Our Financial System Is Optimized for Sociopaths and Exploitation

By Charles Hugh Smith

Source: Of Two Minds

We live in a peculiar juncture of history in which truth has been banished as a threat to the maximization of private gain, i.e. the hyper-pursuit of self-interest. Evidence that supports a causal chain has been replaced by cherry-picked data that supports a self-serving narrative: both the evidence and narrative are manufactured to serve the interests of the few at the expense of the many.

In this juncture of history, evidence is easily disputed because the process of manufacturing self-serving evidence has been perfected. Indeed, self-serving evidence is now a commodity which can be purchased wholesale: rig the sample size, massage the data statistically, conjure up a context that serves to frame the evidence in a slippery self-interested fashion, omit disinterested evidence and contexts, top with arcane math and voila, evidence and narrative are presented as “facts” rather than what they really are, an elaborate, well-staged con designed to maximize the private gains of the few by exploiting the many.

Organizing the entire system to serve the pathological greed of the few is best served by devaluing truth to mere opinion and causal chains to mere narratives. In this juncture of history, truth has been revealed as a chimera; there is only opinion, and all opinions are equal. Opinions are beliefs, and all beliefs are equal. All narratives are equal. All questions boil down to values: values are all equally detached, free-floating and of the same value: zero.

This con has reached perfection in our financial system, which is now optimized for exploitation and sociopaths. As Nassim Taleb has explained (referencing Adam Smith), markets only function if there are rules which are imposed equally on all participants. In our financial system, there are two sets of rules: one which we can summarize as anything goes for the super-wealthy and the well-connected, and another set for everyone else.

Shear the sheep of billions, pay a modest fine–and if all your bets go bad, get bailed out because you’re too important to fail. Sneak a few thousand out of the credit union, go to prison. Sell a financial product that’s designed to go bust as low-risk, oh well, buyer beware, haha, that’s just the free market at work. Sell a nickel bag of drugs, get a tenner in the Gulag.
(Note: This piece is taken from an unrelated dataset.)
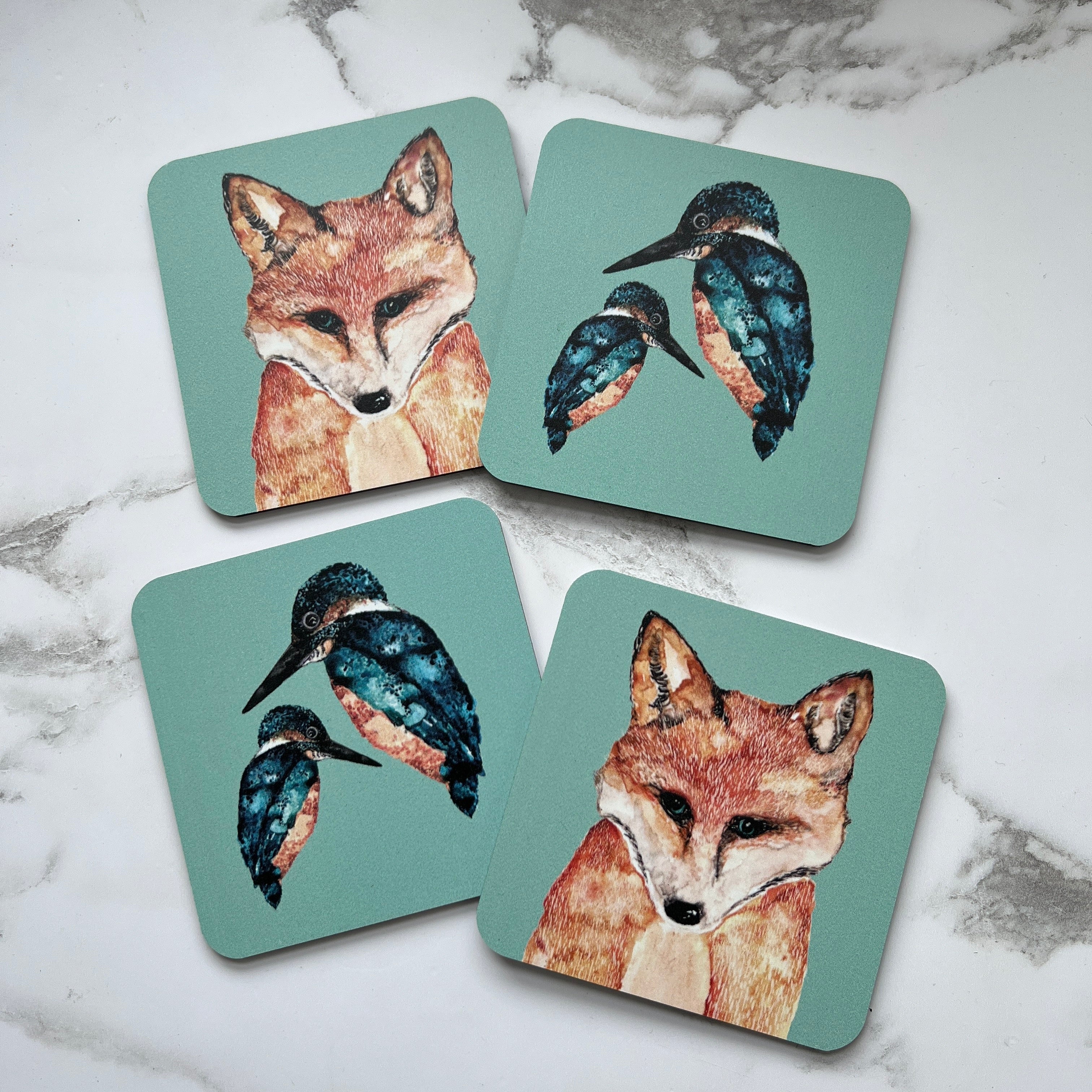 A lovely set of 4 fox and kingfisher bird coasters featuring my own watercolour illustrations

Two sets of rules: one simulacrum of rules for the rich–just another con, really–and punitive rules for everyone else.

Since evidence, causal chains and values have all been devalued, there is no longer any recognition that the desire for gain–greed–can be either exploitive or beneficial to the many. If your greed drives you to make a product that is faster, better, cheaper, more durable and efficient than what’s currently available, your gain is the result of an advance that serves the interests of the many.

If your desire for gain leads you to misrepresent a shoddy product designed to fail (subprime mortgages, Landfill Economy products) or you raise the price because you can, your greed serves your interests at the expense of the many. This is the acme of exploitation. Kleptocrats and sociopaths, rejoice!

This system is optimized for exploitation, as the exploiters can exploit the many without the many even recognizing they’ve been stripmined. We no longer have the means to differentiate fraud from fact or exploitation from rules-based markets.

This landscape of wide-open exploitation and debauchery is Heaven on Earth for sociopaths who not only do not see any difference between gains skimmed at others’ expense and gains earned by providing a superior product / service, they revel in exploiting the system and every participant: employees, partners, suppliers, depositors, borrowers and customers.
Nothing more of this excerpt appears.